### ACTIVITY
Output the records precisely as they stand. Pictures are to be skipped.

(Items from a dataset)
• • • •

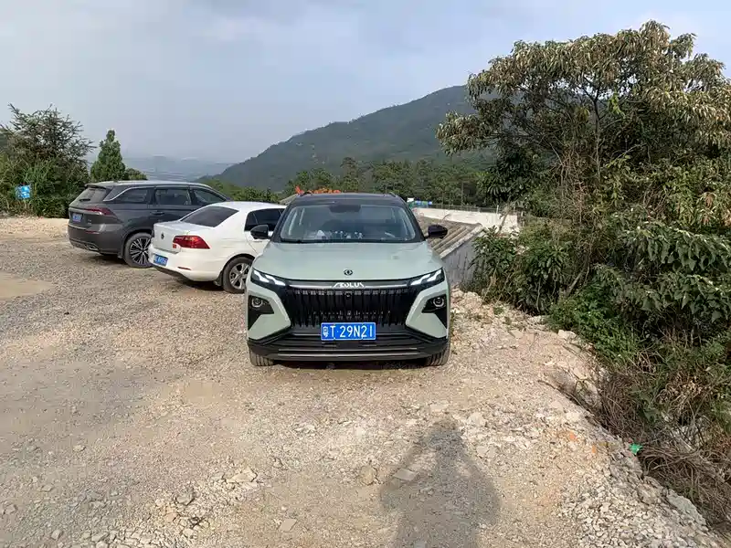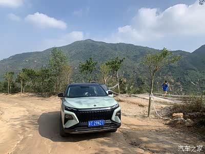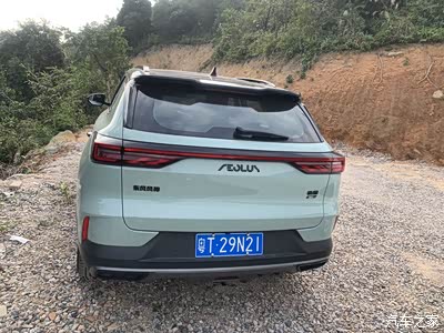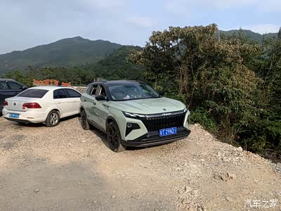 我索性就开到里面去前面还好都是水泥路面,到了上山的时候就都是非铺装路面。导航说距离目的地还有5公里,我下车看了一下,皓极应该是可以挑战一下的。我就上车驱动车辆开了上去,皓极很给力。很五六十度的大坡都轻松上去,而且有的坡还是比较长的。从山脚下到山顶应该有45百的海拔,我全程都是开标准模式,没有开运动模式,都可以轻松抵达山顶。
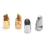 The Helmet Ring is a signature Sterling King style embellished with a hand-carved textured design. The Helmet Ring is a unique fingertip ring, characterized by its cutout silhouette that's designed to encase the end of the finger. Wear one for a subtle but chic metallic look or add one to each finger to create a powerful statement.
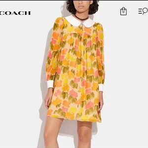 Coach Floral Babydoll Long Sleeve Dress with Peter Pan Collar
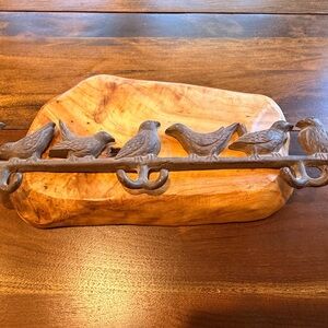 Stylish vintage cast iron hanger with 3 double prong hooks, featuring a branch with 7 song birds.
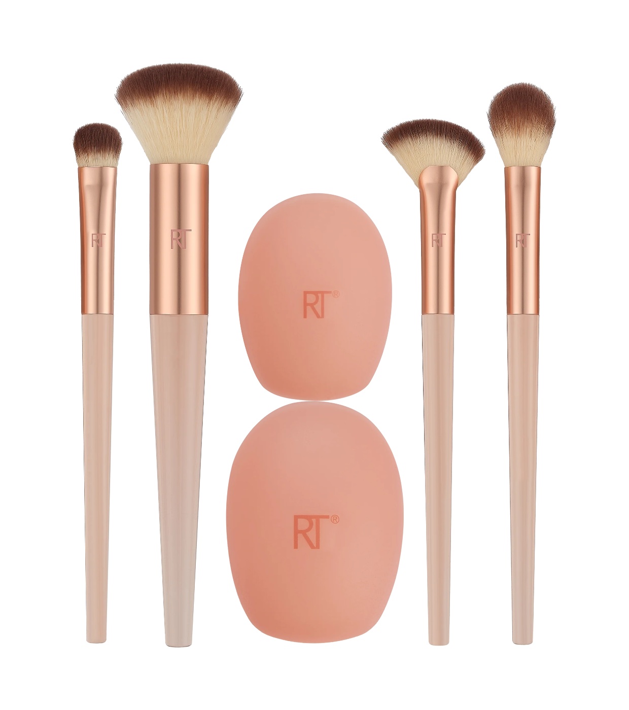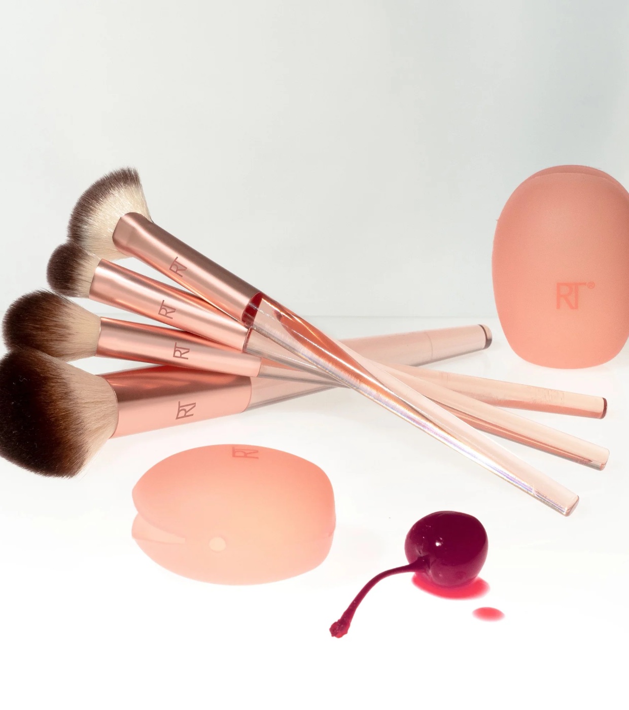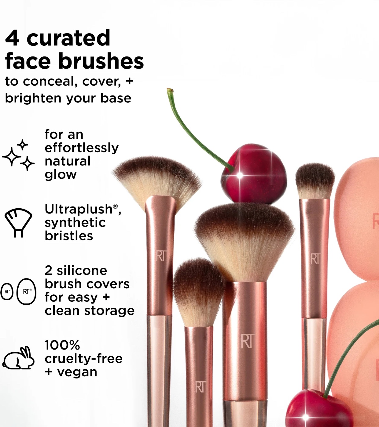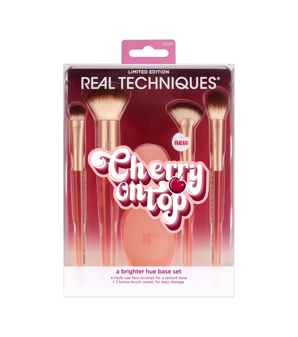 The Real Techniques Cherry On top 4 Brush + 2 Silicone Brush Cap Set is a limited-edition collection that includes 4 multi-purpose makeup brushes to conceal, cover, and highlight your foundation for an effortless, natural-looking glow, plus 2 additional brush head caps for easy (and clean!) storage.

• • • •

### ANSWER SPACE
 我索性就开到里面去前面还好都是水泥路面,到了上山的时候就都是非铺装路面。导航说距离目的地还有5公里,我下车看了一下,皓极应该是可以挑战一下的。我就上车驱动车辆开了上去,皓极很给力。很五六十度的大坡都轻松上去,而且有的坡还是比较长的。从山脚下到山顶应该有45百的海拔,我全程都是开标准模式,没有开运动模式,都可以轻松抵达山顶。
 The Helmet Ring is a signature Sterling King style embellished with a hand-carved textured design. The Helmet Ring is a unique fingertip ring, characterized by its cutout silhouette that's designed to encase the end of the finger. Wear one for a subtle but chic metallic look or add one to each finger to create a powerful statement.
 Coach Floral Babydoll Long Sleeve Dress with Peter Pan Collar
 Stylish vintage cast iron hanger with 3 double prong hooks, featuring a branch with 7 song birds.
 The Real Techniques Cherry On top 4 Brush + 2 Silicone Brush Cap Set is a limited-edition collection that includes 4 multi-purpose makeup brushes to conceal, cover, and highlight your foundation for an effortless, natural-looking glow, plus 2 additional brush head caps for easy (and clean!) storage.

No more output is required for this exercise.